Chapter 2171 - Security Strategy
The "Yao uprisings" of the two Guangs traced their roots back six centuries to the Song Dynasty. From Song through Ming, this cycle of rebellion ebbed and flowed across Hunan, Guangxi, and Guangdong—a pattern that gradually migrated southward. During the Song era, the uprisings concentrated in Hunan, but as the Yao people themselves pushed south, the center of conflict shifted to the two Guangs by the Ming Dynasty.
The Yao migration followed a peculiar route: they entered Guangdong before Guangxi, yet chose Guangxi as their stronghold. This made perfect sense—Guangxi's rugged mountains and impenetrable jungles provided ideal terrain for a people whose livelihood depended on slash-and-burn mountain agriculture. The Goulou Great Mountains and Dayao Mountains became major population centers, and consequently, Ming Dynasty suppression campaigns focused primarily on Guangxi.
Beginning in the Xuande era, the relentless pressure began. Guangxi Commander-in-Chief Yun Shan spent two years "pacifying" the Yao along the Liangguang borders, slaughtering tens of thousands. Liu Pu and Tian Zhen continued the bloodbath. The result was predictable—vast numbers of Guangxi Yao fled east into Guangdong, taking refuge in the mountainous border regions of Zhao, Gao, Lei, and Lian prefectures, particularly the Yunkai Great Mountains near Longshui. Thus began a new phase: Ming-era Guangdong's Yao uprisings concentrated south of the West River, stretching from Fengchuan and Kaijian in the west to Yangchun and Gaozhou in the south, and eastward to Gaoyao and Xinxing. Operating from their mountain bases in Longshui, they affected a staggering area—six of Guangdong's ten prefectures faced Yao unrest.
The Luopang Yao of Longshui County proved particularly troublesome.
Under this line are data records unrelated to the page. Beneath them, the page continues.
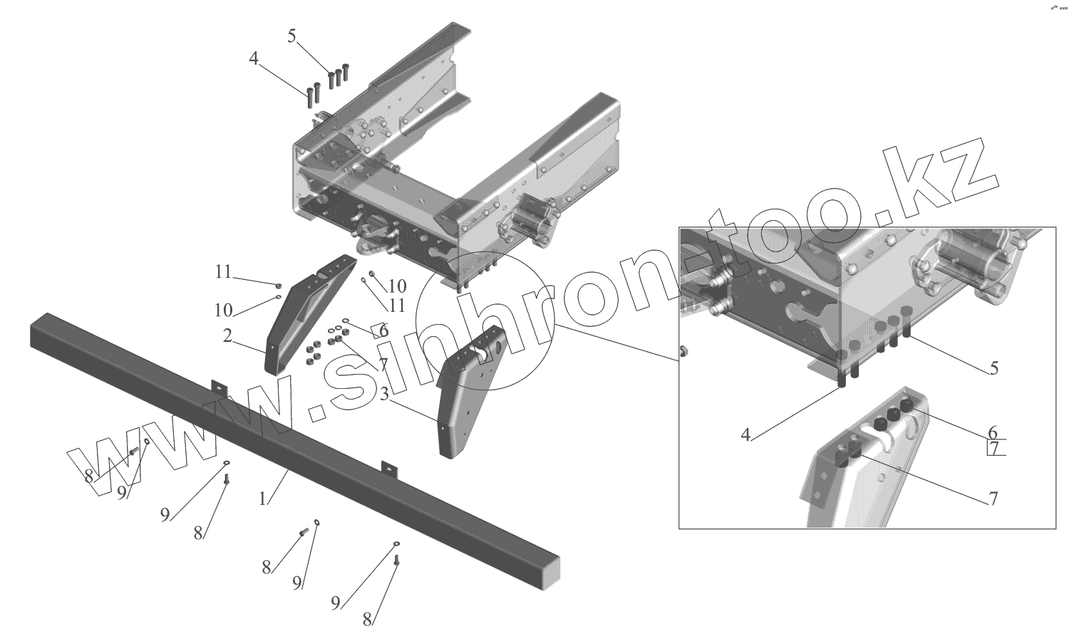 Каталог запасных частей к технике: МАЗ-551669. Установка заднего бампера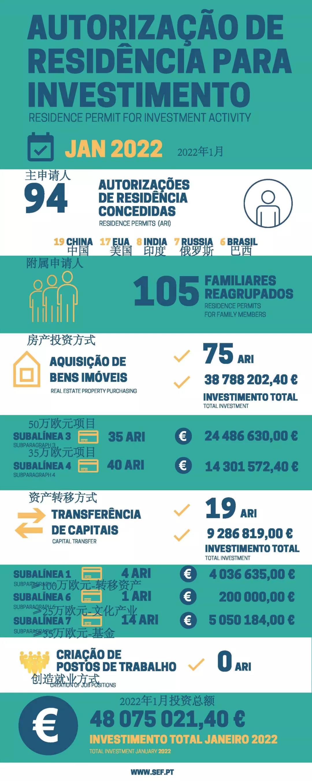 日前,葡萄牙移民局(SEF)公布了2022年1月的黃金簽證數(shù)據(jù)。2022年1月,共有94名主申請(qǐng)人連同他們的105名家屬獲得了葡萄牙黃金簽證,這一數(shù)據(jù)相較于去年12月增加了12%,相較于去年同期增加了71%。1月投資總額達(dá)到4807萬歐元,去年12月是4200萬歐元,去年同期是3300萬歐元。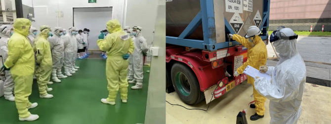 华谊集团下属的各个连续生产型企业,同样采取封闭管理模式。针对现场生产特点,各个下属公司提前制定了多套生产预案。考虑到区域封控和交通管制,华谊和供应商、物流公司加强沟通,把一部分车运调整为水运,避免出现原料断供、产品涨库。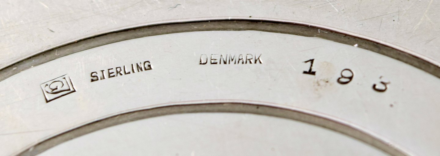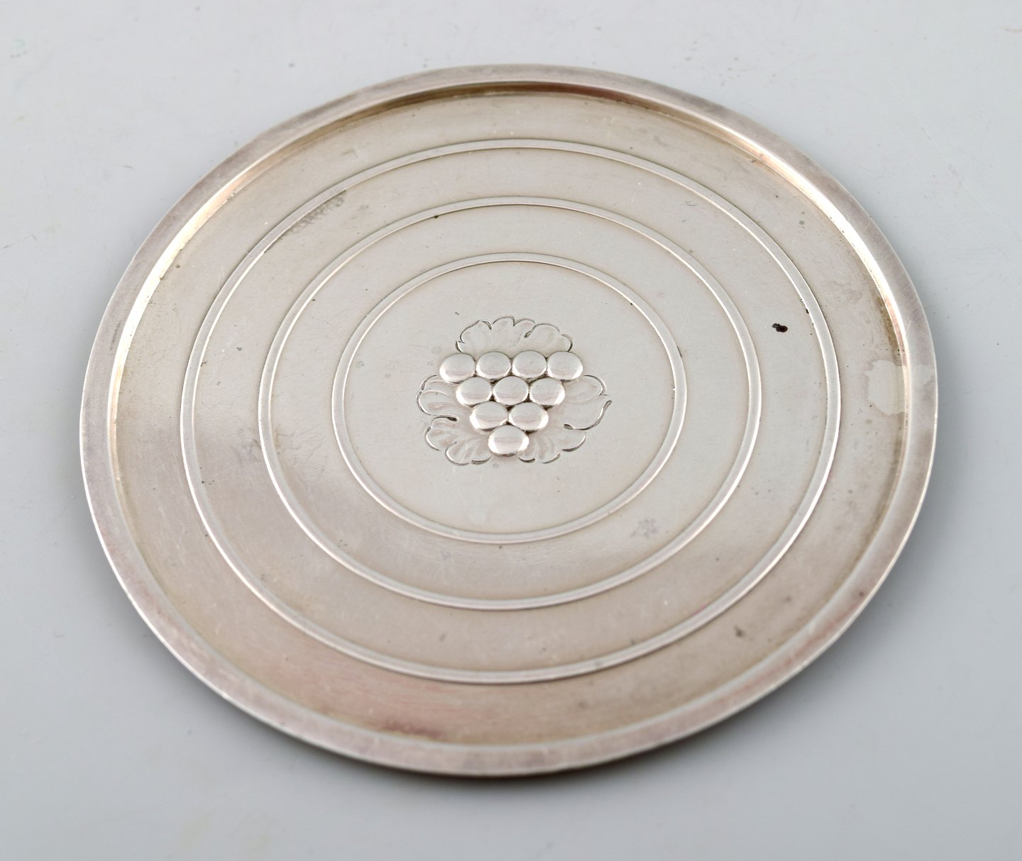 Georg Jensen: To glasbakker af sterlingsølv. Indvendigt ciseleret med vindrueklase. Georg Jensen 1933-1944. Dessin 193. Diameter 6,5 cm. I god stand.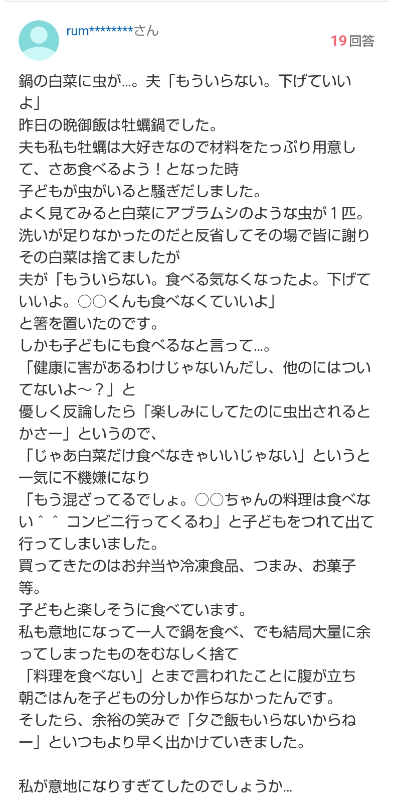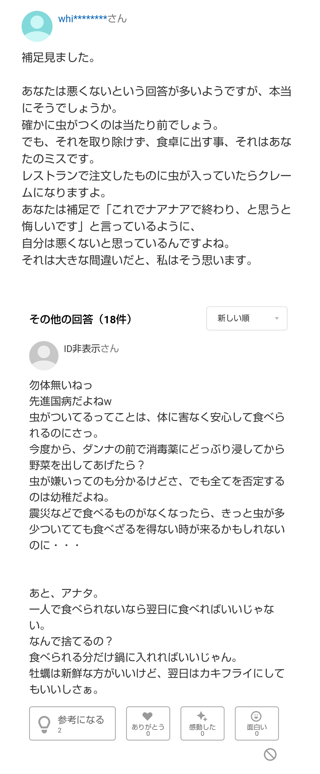 【悲報】息子「カキ鍋の白菜に虫がいる!」夫と妻どちらが悪いか激論に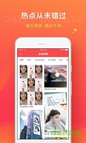 一键技术流让你轻松火!平台收录了当下最流行的视频特效和转场效果,包括电影级调色、动态文字等。不必费力学习复杂的视频制作,原创系列模版惊喜不断,每周更新50+创意模板。你也能成为主角,做出令人赞叹的创意视频!系统还会根据节日和热点事件,推荐最适合的创意方案。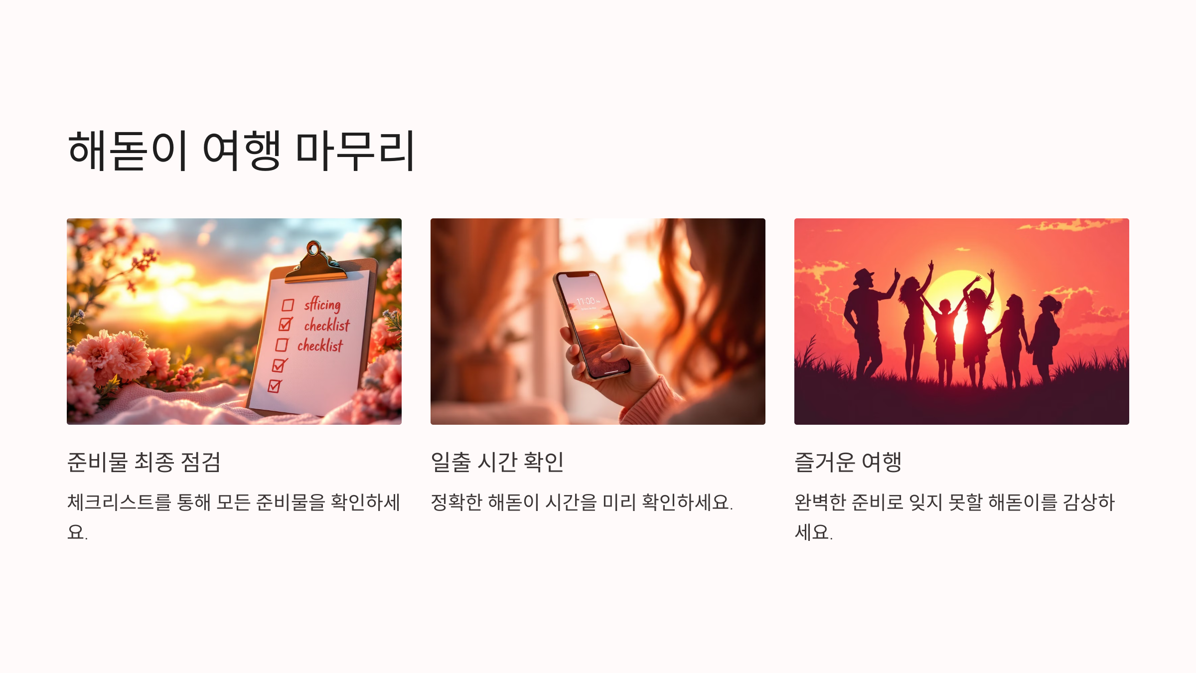 해돋이 여행을 계획 중이신가요? 일출은 그 자체로 놀라운 자연의 선물입니다. 하지만 준비 없이 떠난다면 불편함을 겪을 수 있습니다. 이 글에서는 해돋이 여행을 완벽히 즐길 수 있도록 필수 준비물 체크리스트를 제공합니다.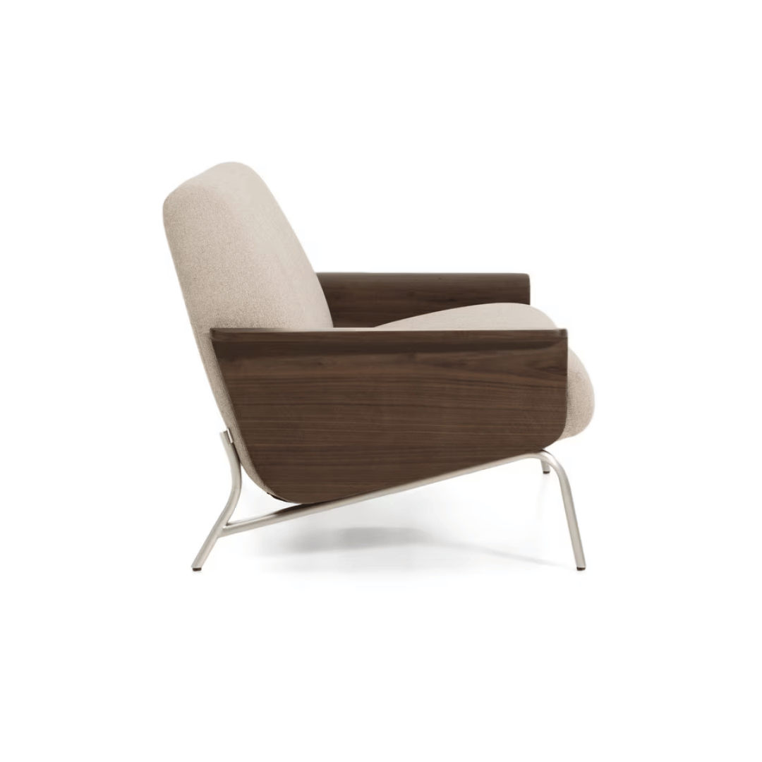 The Amsen collection stands out with its sleek, contemporary look inspired by mid-century modern design. Blending wooden arms, soft chenille upholstery, and brushed steel legs for a perfectly balanced, timeless feel. The elegant timber arms and brushed stainless-steel legs, offer both style and durability. Designed for everyday comfort, it has a medium-firm seat thanks to supportive webbing and springs combined with high-density foam layers. Upholstered in recycled polyester chenille with a water-repellent finish. So you can relax knowing it’s designed for everyday comfort and built to last.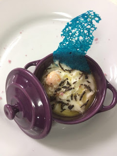 Puré de patata trufado, pulpo., yema de huevo y helado de mango con virutas de trufa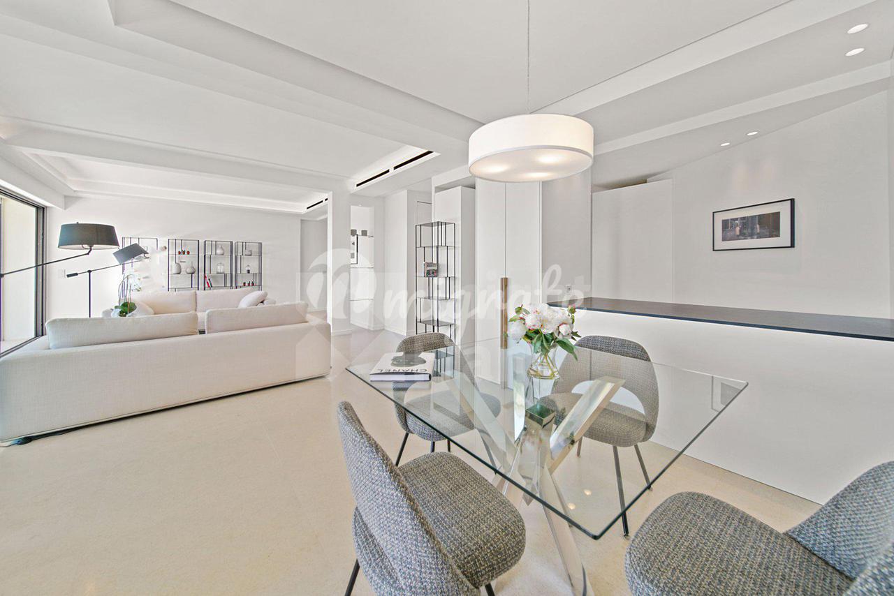 Апартаменты с видом на море расположены на известном Бульваре Круазет в Каннах в охраняемой резиденции, оснащенной лифтом. Апартаменты включают просторные террасы, гостиную, кухню, 3 спальни, 3 ванные комнаты и гостевой санузел. Апартаменты полностью меблированы. В стоимость включен гараж и кладовая.

Their frequent raids on the West River threatened the vital communication artery between the two Guangs—a bone lodged in the throat that the Ming court could neither swallow nor expel. The establishment of the Governor-General of the Two Guangs in Zhaoqing testified to the severity of the crisis.
But the tide turned in 1577, the fifth year of Wanli, when a major uprising was crushed and Longshui County elevated to Luoding Directly-Administered Prefecture. Yao power in Guangdong collapsed virtually overnight. The large-scale uprisings that had plagued the region ended. South of the West River, Yao influence evaporated. What remained were scattered communities in the northwestern mountain prefectures bordering Guangxi and Hunan—diminished, fragmented, incapable of mounting serious threats. Though minor disturbances continued, they never again approached the scale and ferocity of earlier rebellions.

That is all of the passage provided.